Traditional hummus serves as a versatile accompaniment, complementing an array of dishes. Enjoy it as a dip alongside pita bread, pita chips, or fresh vegetables. Alternatively, incorporate it into sandwiches or wraps as a delectable spread. Its versatility extends to mezze platters, where it shines alongside an assortment of Middle Eastern delicacies.

Storage and Variations: Store any leftover hummus in an airtight container in the refrigerator for up to one week. Before serving, give it a quick stir and adjust the seasoning if necessary. Feel free to customize your hummus by adding ingredients like roasted red peppers, sun-dried tomatoes, olives, or fresh herbs. Get creative and experiment with different flavors to suit your taste preferences!

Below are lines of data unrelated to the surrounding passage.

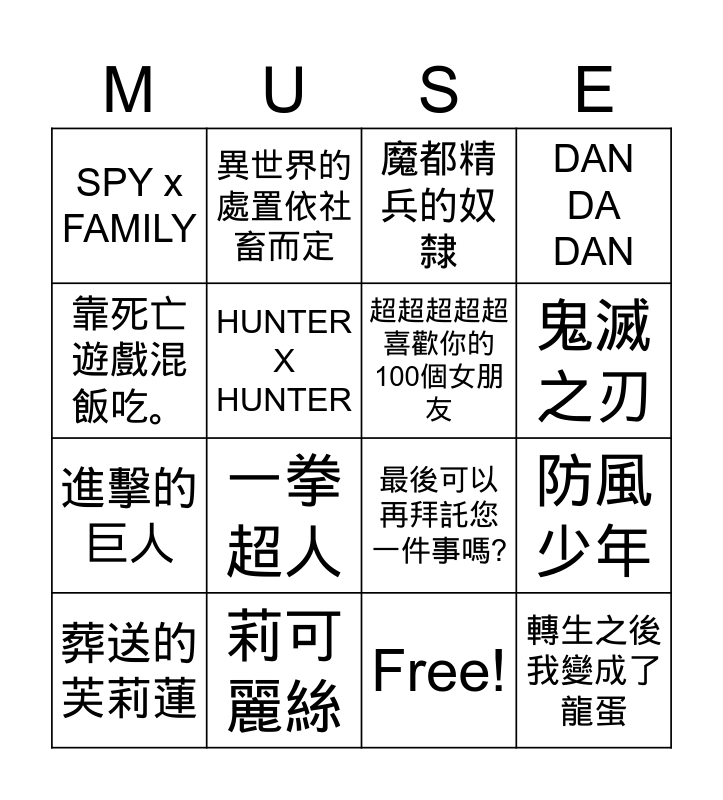 This bingo card has 17 words: Free!, 葬送的芙莉蓮, 魔都精兵的奴隸, SPY x FAMILY, 一拳超人, DAN DA DAN, 防風少年, 超超超超超喜歡你的100個女朋友, 鬼滅之刃, HUNTER X HUNTER, 莉可麗絲, 最後可以再拜託您一件事嗎?, 靠死亡遊戲混飯吃。, 異世界的處置依社畜而定, 進擊的巨人, 櫻蘭高校男公關部 and 轉生之後我變成了龍蛋.
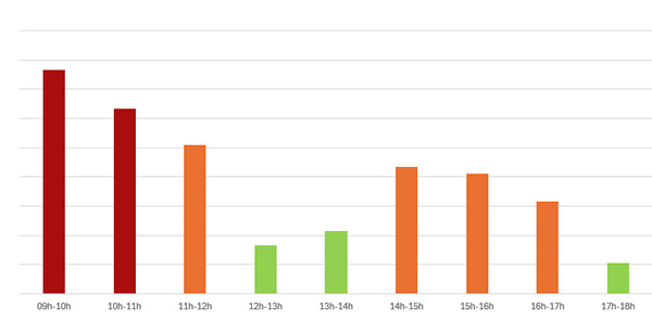Affluence des appels à la plateforme téléphonique selon l’heure de la journée :
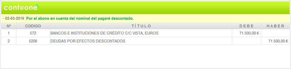 «La Industrial, S.A.» descuenta el 02-03-2016 el pagaré en las condiciones siguientes:
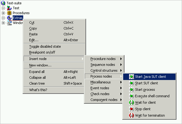 3.2 Démarrage de l'Application Ouvrez une nouvelle (vide) suite de test dans QF-Test avec le menu File -> New Suite. Sachez que l'"ancienne" suite de test reste ouverte dans une fenêtre différente. Si vous venez juste de démarrer QF-Test (en cliquant sur l'icône du bureau ou en entrant QF-Test depuis une ligne de commande), vous verrez que vous avez déjà une suite de test vide sous vos yeux. Assurez-vous que la vue détaillée est activée (menu View -> Show Details). Vous voyez maintenant la fenêtre divisée en deux avec un arbre du côté gauche et un volet du côté droit, représentant les détails du nSud sélectionné. L'arbre vous permet de naviguer parmi les nSuds de la suite de test ; lorsque vous sélectionnez un nSud, ses propriétés s'affichent sur le volet de droite. Pour commencer vous devez démarrer votre application. Comme mentionné précédemment, l'application à tester est FileChooserDemo du kit de développement logiciel Java. Pour cet exemple, nous commençons par insérer des éléments dans le nSud Extras de la suite de test. Cette zone est une sorte de bloc-notes dans laquelle nous pouvons expérimenter certains concepts avant de les placer dans la structure correcte de la suite de test. Quand vous ouvrez la branche du nSud Extras, vous voyez apparaître une fine ligne rouge juste après. Nous nous y référons comme un "marqueur d'insertion". Le but étant de vous faire savoir où le prochain nSud sera inséré si vous sélectionnez un élément depuis le menu Insert. Remarque : Avant que vous n'insériez réellement le nSud pour démarrer le SUT, voici quelques explications sur le comportement de QF-Test lors de l'insertion de nSuds à la position du marqueur d'insertion. En fait, QF-Test vous laisse uniquement choisir des nSuds qui sont "autorisés" à être insérés à la position courante du marqueur. Aussi si par exemple vous sélectionnez le nSud racine de votre suite de test (en laissant la branche du nSud ouverte) et vous essayez d'insérer un nSud via le menu Insert, tous les choix sont désactivés mais seul le nSud Test de Sequences nodes est sélectionnable. Il y a d'autres restrictions avec d'autres types de nSuds (merci de vous référer au Manuel Utilisateur). Parfois vous serez surpris de voir qu'un nSud attendu ne peut pas être inséré, mais dans la plupart des cas cela est dû à une mauvaise position du marqueur d'insertion, parce que vous n'avez pas ouvert la branche du nSud parent pour insérer le nouveau nSud comme fils. Remarque sur la version 2.0 : Un nouvel Assistant de Démarrage rapide est disponible dans QF-Test 2.0 pour simplifier le processus de création d'une séquence de démarrage de l'application. Vous pouvez ouvrir l'Assistant via le menu Extras -> Quickstart Wizard... et simplement suivre les étapes. Le remplissage manuel des attributs d'un noeud Start comme décrit dans les paragraphes suivants est toujours valide. Pour démarrer l'application, utilisez le nSud Start Java SUT client. La capture d'écran suivante vous montre comment utiliser les menus contextuels, accessibles par un clic souris droit, pour insérer le nSud.

Homemade traditional hummus is not only easy to make but also incredibly delicious and nutritious. By following this simple recipe, you can enjoy the authentic flavors of this Middle Eastern staple right in your own home. So grab your food processor, gather your ingredients, and get ready to dip into a bowl of creamy goodness!

Traditional Hummus

Recipe by wildfoodjourneyCourse: Sides/Condiments
Servings

4

servings
Prep time

10

minutes
Cooking timeminutes
Calories

70-100

kcal

Ingredients

  • 1 can chickpeas, drained and rinsed

  • 1/4 cup tahini

  • 3 tablespoons lemon juice, about one lemon

  • 1-2 cloves garlic, minced

  • 2 tablespoons extra virgin olive oil

  • 1/2 teaspoon ground cumin

  • salt and pepper

  • 2-3 tablespoons water, as needed

Directions

  • Drain and rinse the chickpeas thoroughly under cold water. This helps remove excess salt and starch, resulting in a smoother hummus.
  • In a food processor, combine the drained chickpeas, tahini, lemon juice, minced garlic, olive oil, ground cumin, and a pinch of salt.
  • Process the mixture until smooth and creamy, scraping down the sides of the bowl as needed. If the hummus is too thick, gradually add water, one tablespoon at a time, until you reach your desired consistency.
  • Taste the hummus and adjust the seasoning as needed. Add more salt, lemon juice, or garlic according to your preferences.
  • Transfer the hummus to a serving bowl. Drizzle with a little extra virgin olive oil and sprinkle with paprika for color. Garnish with chopped fresh parsley or toasted pine nuts if desired.
  • Serve the traditional hummus with pita bread, pita chips, fresh vegetables, or as a spread in sandwiches and wraps. It’s also delicious as a dip for crackers or as part of a mezze platter.

Notes

  • Feel free to customize your hummus by adding ingredients like roasted red peppers, sun-dried tomatoes, olives, or fresh herbs. Get creative and experiment with different flavors to suit your taste preferences!